Don't I know you?
I rushed Topaz to the emergency department yesterday with a 3/4 inch gash in his forehead that cut to the bone. Boys being boys, he had fallen from the back of the sofa. Before you pass judgment, if I had my way he would not have been up there.
Anyhow thankfully my father was staying and drove us to hospital as I realised once there that I was the one suffering from shock. I couldn't even sign my name to the accident form!
Topaz was entirely un-phased by the ordeal. Oh, and did I say he was naked? Being that we had 36 degrees c and are in the middle of toilet training, he was running around unfettered and fancy free. I had my mind about me to grab a change of clothes that was on the end of the table and a nappy. So with blood all over my white top and a naked baby they took enough notice to have him assessed but it was still ages until a nurse saw him for treatment. Topaz found himself something to do in the play area until we were seen again. A total of 1.75 hours from start to finish and that only because I was keen to avoid stitches and an anesthetic and the ED was quite busy (and they could otherwise discharge us fast). So Topaz was glued back together! Thats right, a tube of sterile super glue to fuse both sides of the wound together. And no tetanus as it was an inside accident.

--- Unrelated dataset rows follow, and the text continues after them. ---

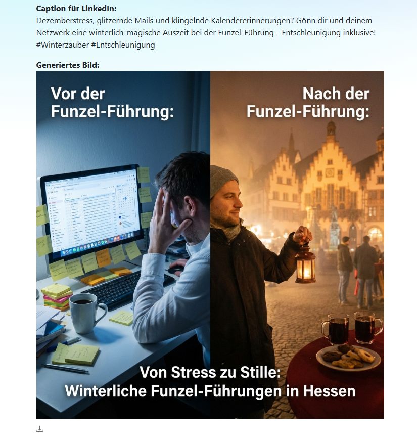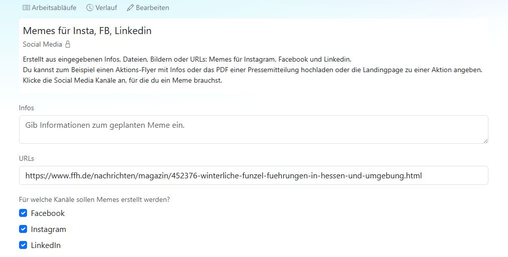 Das geht mit dem neuen KI-Arbeitsablauf im Content-Assistenten. Du findest ihn im Marktplatz unter Social Media -> Meme-Generator (FB, Insta, LinkedIn).
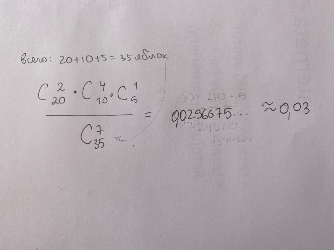 чтобы найти вероятность события, нужно поделить число благоприятных исходов ( в данном случае- 2 червоних, 4 жовтих і 1 зелене) на общее число исходов ( из всех яблок выбираем любые 7)
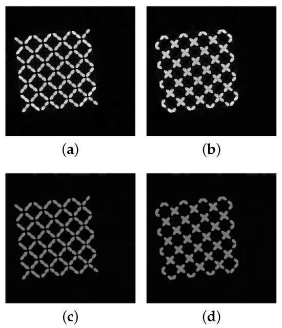The optimization result of the diamond lattice structure artifact reduction for stainless steel 316L. It can be seen from this that the method proposed in this paper can effectively remove metal artifacts. (a) Original CT slice 1. (b) Original CT slice 2. (c) CT slice 1 after removing artifacts. (d) CT slice 2 after removing artifacts.
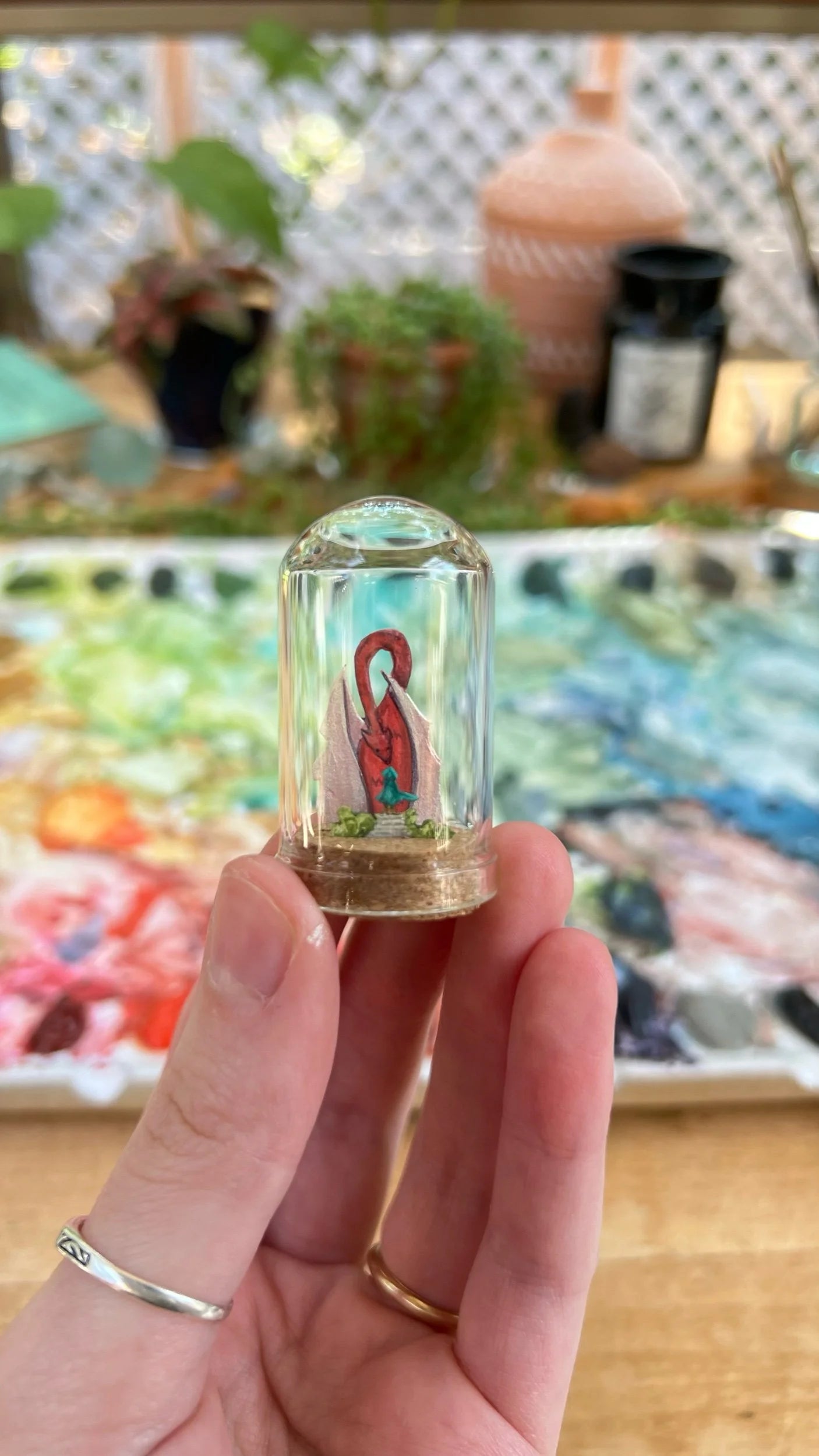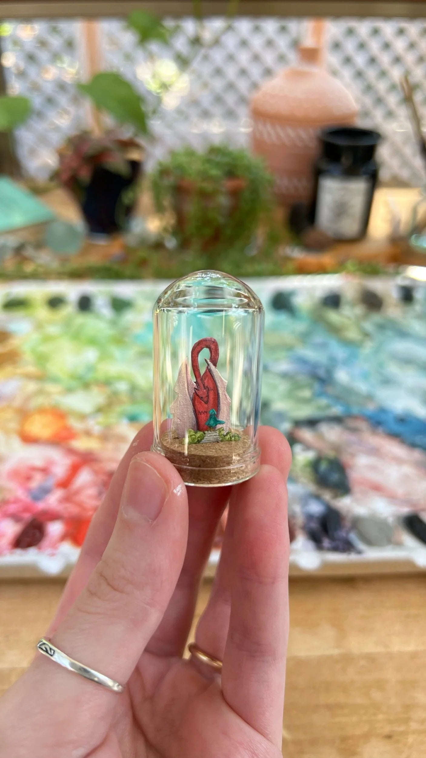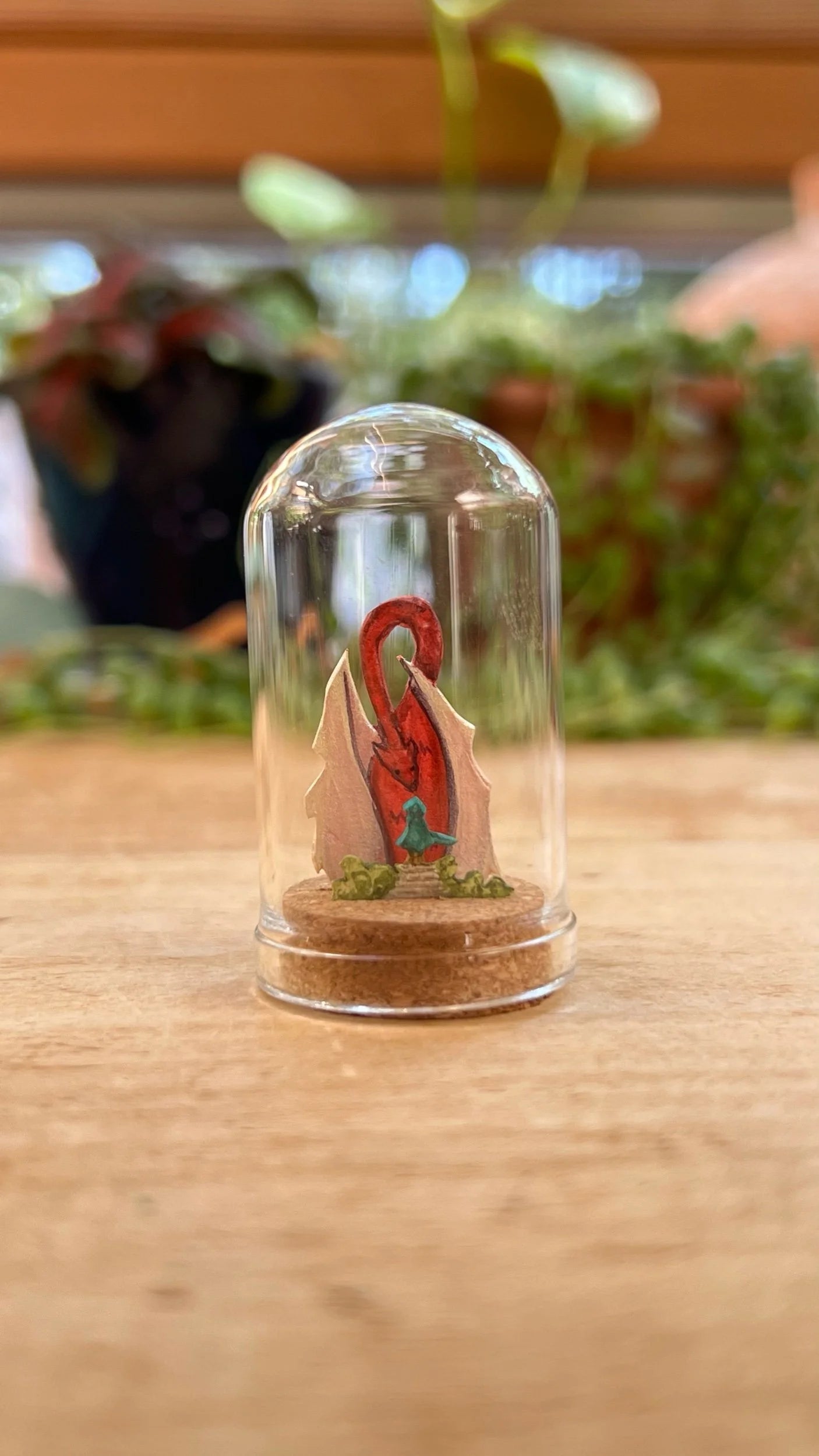 This tiny paper dragon and itty-bitty adventurer were both hand-cut and painted on watercolor paper, then carefully assembled in a small glass dome, which is perfect size to decorate a desk or bookshelf. The dragon is painted with a layer of shimmery gouache paint, so its scales and wings will sparkle gently in the light.

Phew, as I really could not bring myself to hold my little man to have such a potentially harmful poison. (For more information see the World Health Organisation website.)
Oh, and the whole post of this post was to describe an incident that happened almost to the end of our admission. A woman had been looking over to me in a friendly way and then wanted to know where she knew me from. Well her face was a welcoming type and pleasing to look at but I didn't know where I may have known her from. She was from a town that I had not spent much time in and prior to that the town I grew up in. So I went down my brief list of current group memberships, where I was raised and where I had worked but there was no instant - "oh, yes thats right" and we didn't even exchange names.
It wasn't until later that I realised she was the calibre of reader that would buy a copy of the magazine that our family featured in for the PCOSMIC trial article earlier in the year. So just perhaps she 'knew' me because I was famous?!!!! Oh well it was an exciting thought for the moment but does raise the question of how I represent myself.
Celebrities, politicians, pastors and other famous people deal with this all the time, and not just a single incident like this. Thought it all starts somewhere doesn't it?
Its as if you are expected to live 'up' to the image and presentation in a 2-dimensional world rather than it being a snapshot into your multi-dimensional real life. In the former you are shown as perfect - as a form of vicarious escapism to the reader/viewer. In the later, you have your bad days when your temper is frayed and your hair looks like rats have moved in.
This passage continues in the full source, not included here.